» **REQUIREMENT**: Among the lines below, take the one holding "Seaart S3 PU", the one holding "In the interior", and all lines between them. Set them down exactly.

» **DATASET RECORDS**:
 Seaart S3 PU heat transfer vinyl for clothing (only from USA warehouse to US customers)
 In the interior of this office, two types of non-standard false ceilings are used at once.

---

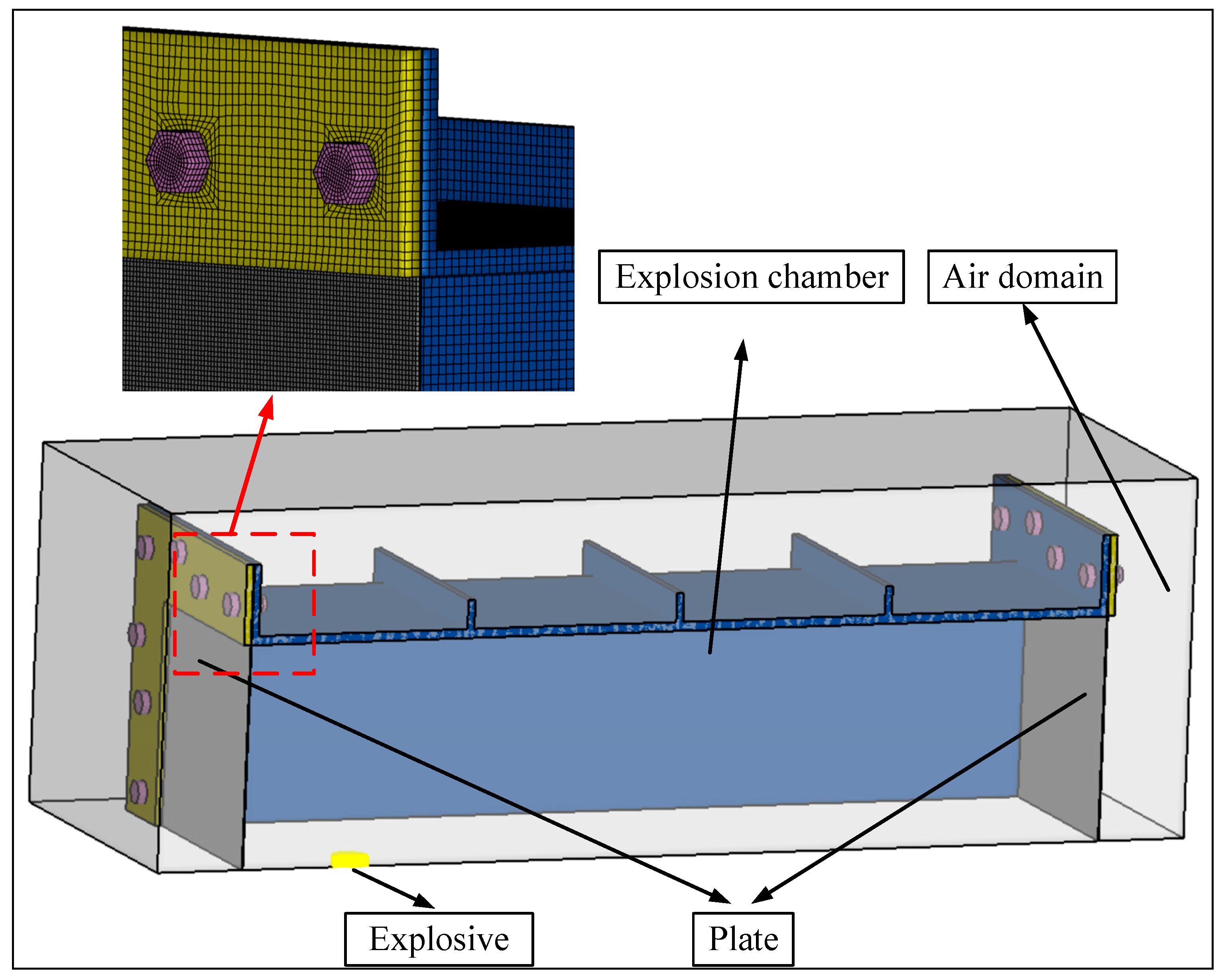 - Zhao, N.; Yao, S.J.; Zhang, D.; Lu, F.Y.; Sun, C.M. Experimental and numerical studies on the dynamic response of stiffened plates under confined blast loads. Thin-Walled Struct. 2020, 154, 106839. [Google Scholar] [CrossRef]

» **RESPONSE TO THE TASK**:
 Seaart S3 PU heat transfer vinyl for clothing (only from USA warehouse to US customers)
 In the interior of this office, two types of non-standard false ceilings are used at once.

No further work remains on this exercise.